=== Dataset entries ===
- - - -

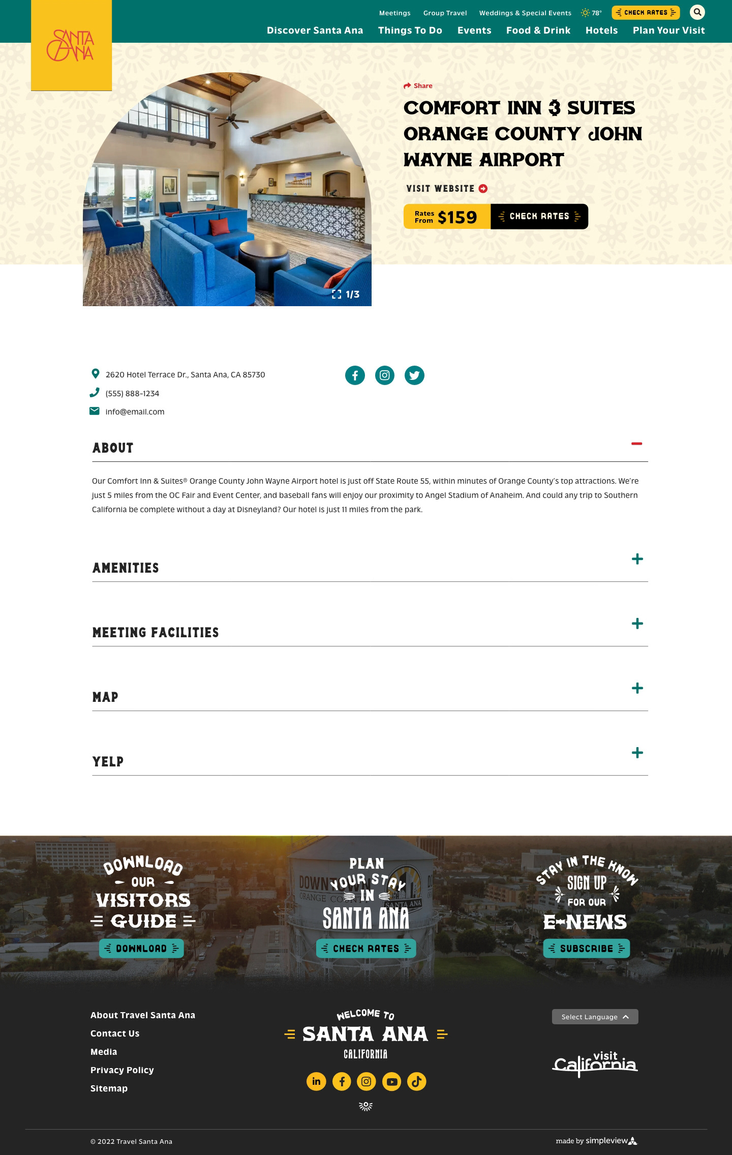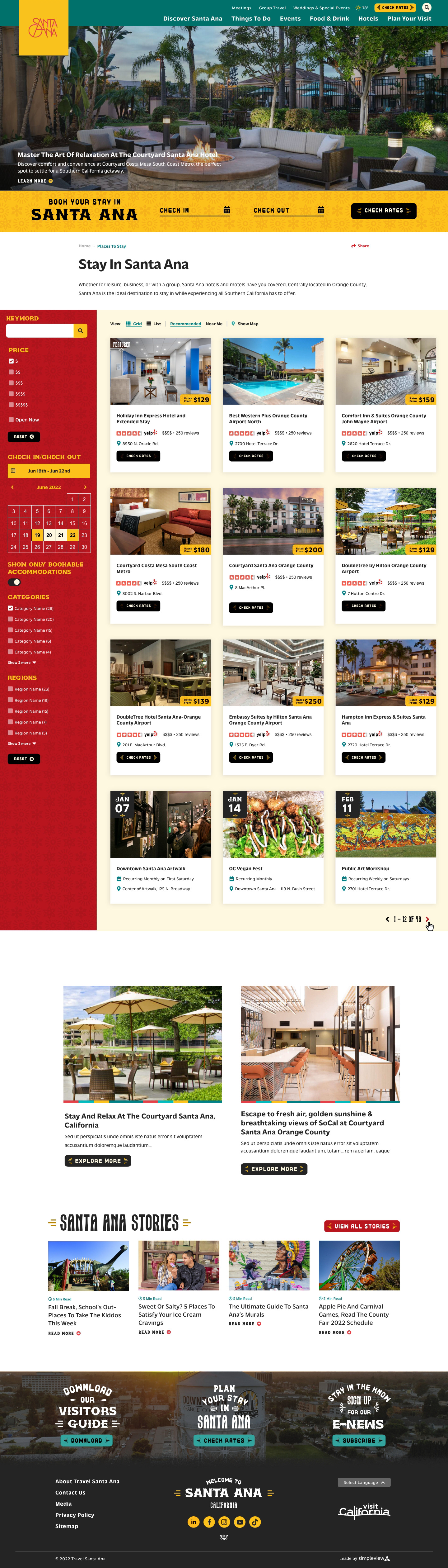 The custom designed collections are adaptable to any of Travel Santa Ana's dynamic content and can be placed on any page.
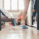 素材にはふかふかなベルベットを使っているので、触り心地がとてもなめらかで気持ちが良いです。また、つま先のVカットが足の形を綺麗に見せてくれます。
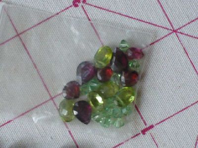 There are 20 Amythest stones, 6 large rose quartz, 6 small teardrop purple and 5 green teardrop stones can't remember the names of them. 10 Swarovski crystals tiny green stones.
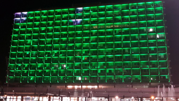 במחאה על יציאת ארה"ב מהסכם האקלים: בניין עיריית תל אביב הואר בירוק
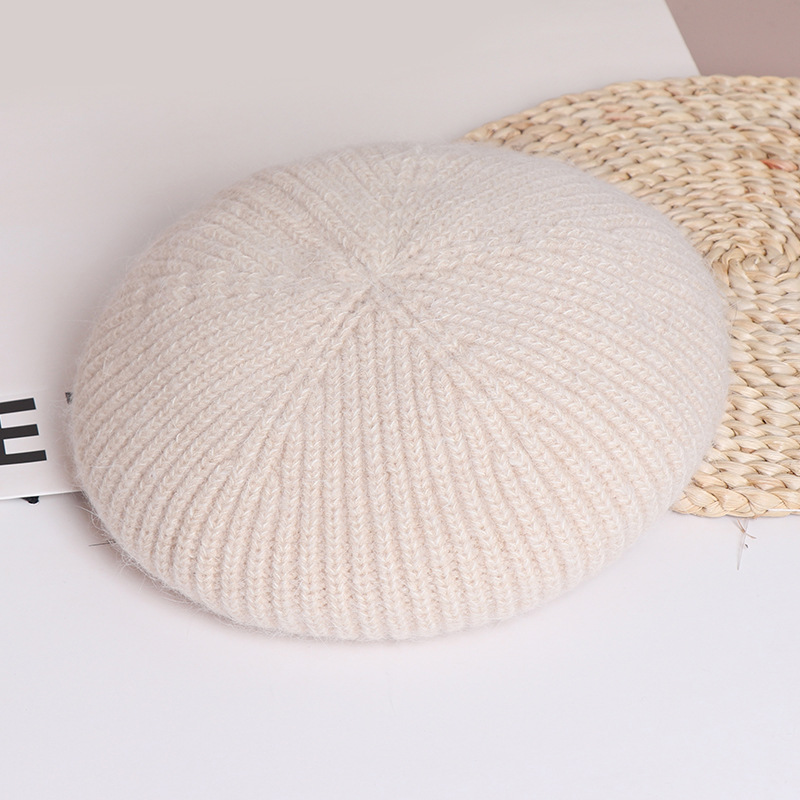 新しい秋と冬のニットウサギの毛皮暖かいカールレディースベレー帽カジュアルファッション無地ウールキノコ帽子
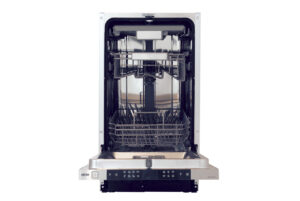 - Šaurā (trauku mazgājamā mašīna 45 cm): Ideāls risinājums mazākām virtuvēm vai ģimenēm (2-3 cilvēki). Tā spēj nomazgāt 8-10 trauku komplektus.
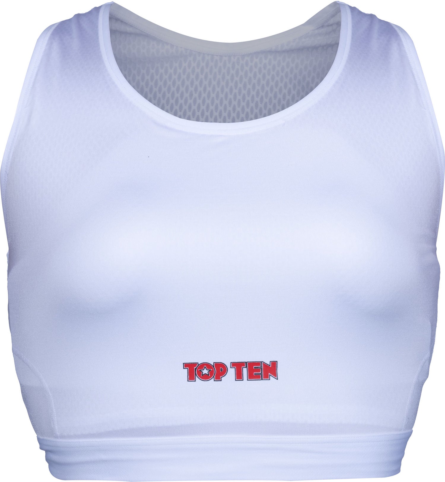 TOP TEN ensures the highest level of safety with the “Maxi” women's chest protector, including rigid plastic inserts. This combination of fabric and protector shell makes the hearts of martial artists beat faster because comfort and safety are not neglected. With its longer cut, the “Maxi” women's chest protector firmly encloses the entire upper body area. Thanks to the breathable and elastic material, you still feel completely comfortable and can calmly make your body sweat. Thanks to the carrier system, the TOP TEN “Maxi” has enormous support so that it effectively prevents postural and tissue damage.
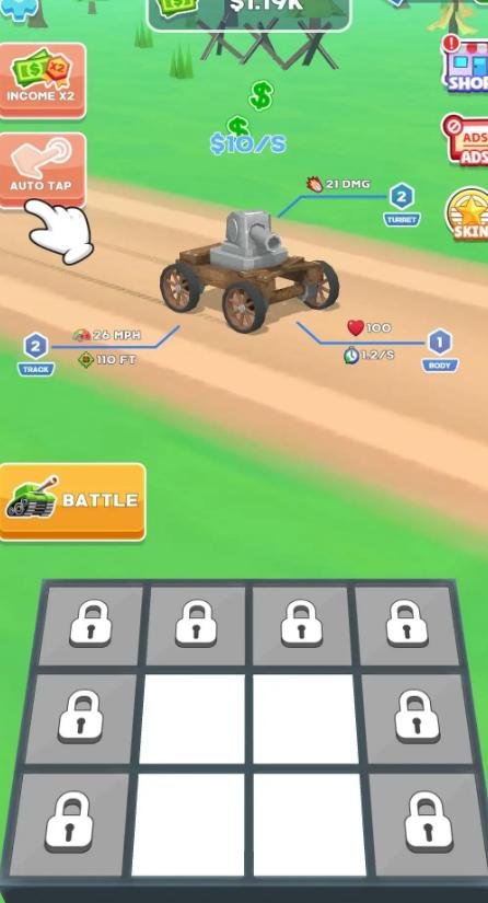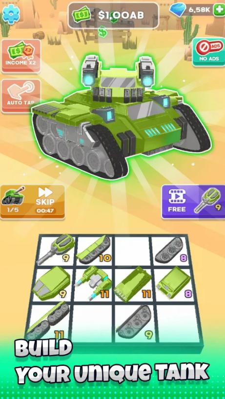 1、玩家可以通过合并相同等级的坦克来升级它们,这种创新的玩法不仅增加了游戏的趣味性;
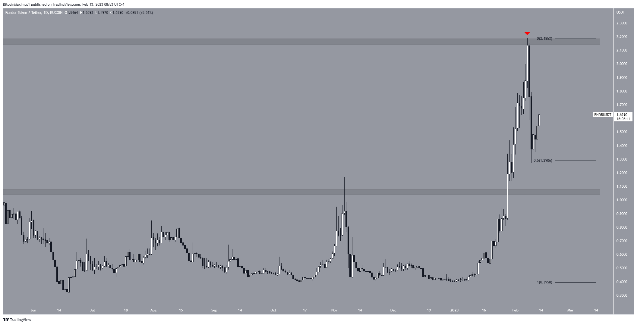 O preço do RNDR caiu desde que foi rejeitado pela área de resistência de US$ 2,15 em 7 de fevereiro (ícone vermelho). A queda levou a uma mínima de US$ 1,27 no dia seguinte. O preço RNDR então saltou no nível de retração de 0,5 de Fibonacci e vem subindo desde então.
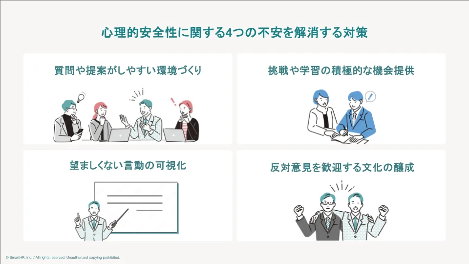 心理的安全性を阻害する要因には「無知だと思われる不安」「無能だと思われる不安」「邪魔していると思われる不安」「ネガティブだと思われる不安」の4つがあります。まずはこれらの不安を解消し、土台を整えましょう。
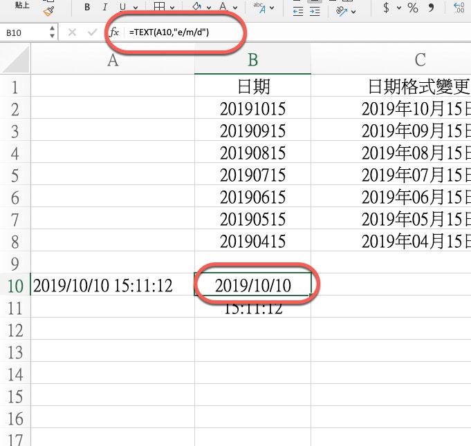 如果你的日期格式有包括時間,或者你想要替換日期順序等,以下圖 A10 的範例來說,由於是標準日期格式,你可以用 e、m、d 這三個參數來各別代表年月日取出使用,所以就可以用這樣的方式將日期、時間拆分,或者重新排序年月日的順序使用。
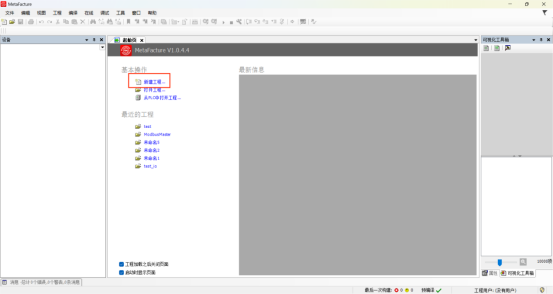 ②确保工智机成功上电并且接入网线后,打开MetaFacture1.0.4.4,点击“新建工程”;
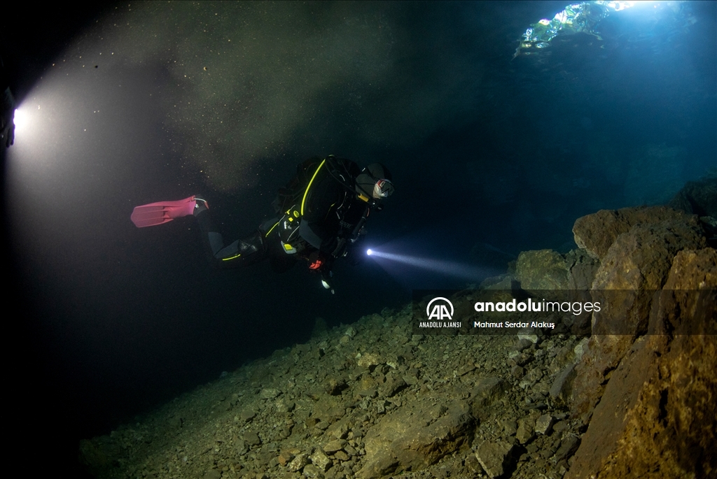 Dalış eğitmeni Tağmaç Saraçoğlu, AA muhabirine, mağarada 9 metreye daldıklarını ve yaklaşık 45 dakika suda kaldıklarını söyledi.
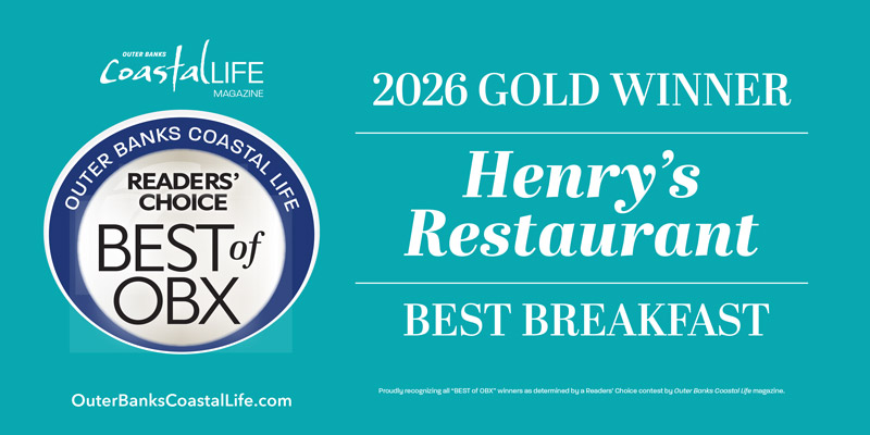 A family business focused on welcoming other families, Henry’s takes pride in offering a clean, down-to-earth atmosphere with pleasant and accommodating staff, many of whom have been with us for 20 years or more. For more than 30 years, three generations of the Henry’s family have worked to build a loyal clientele of locals and visitors, many of whom dine with us daily or several times a week during their annual Outer Banks vacations. Our customers tell us it’s the quality of the food and the affordable prices, along with the welcoming staff, that keeps them coming back again and again. We welcome everyone with smiling faces and can’t wait to meet your family for breakfast, lunch and dinner in house or for take-out every day year-round.

- - - -

In the records above, find the line containing "O preço do RNDR" and the line containing "Dalış eğitmeni Tağmaç", then give both of them again word for word along with every line between. Omit any pictures.

 O preço do RNDR caiu desde que foi rejeitado pela área de resistência de US$ 2,15 em 7 de fevereiro (ícone vermelho). A queda levou a uma mínima de US$ 1,27 no dia seguinte. O preço RNDR então saltou no nível de retração de 0,5 de Fibonacci e vem subindo desde então.
 心理的安全性を阻害する要因には「無知だと思われる不安」「無能だと思われる不安」「邪魔していると思われる不安」「ネガティブだと思われる不安」の4つがあります。まずはこれらの不安を解消し、土台を整えましょう。
 如果你的日期格式有包括時間,或者你想要替換日期順序等,以下圖 A10 的範例來說,由於是標準日期格式,你可以用 e、m、d 這三個參數來各別代表年月日取出使用,所以就可以用這樣的方式將日期、時間拆分,或者重新排序年月日的順序使用。
 ②确保工智机成功上电并且接入网线后,打开MetaFacture1.0.4.4,点击“新建工程”;
 Dalış eğitmeni Tağmaç Saraçoğlu, AA muhabirine, mağarada 9 metreye daldıklarını ve yaklaşık 45 dakika suda kaldıklarını söyledi.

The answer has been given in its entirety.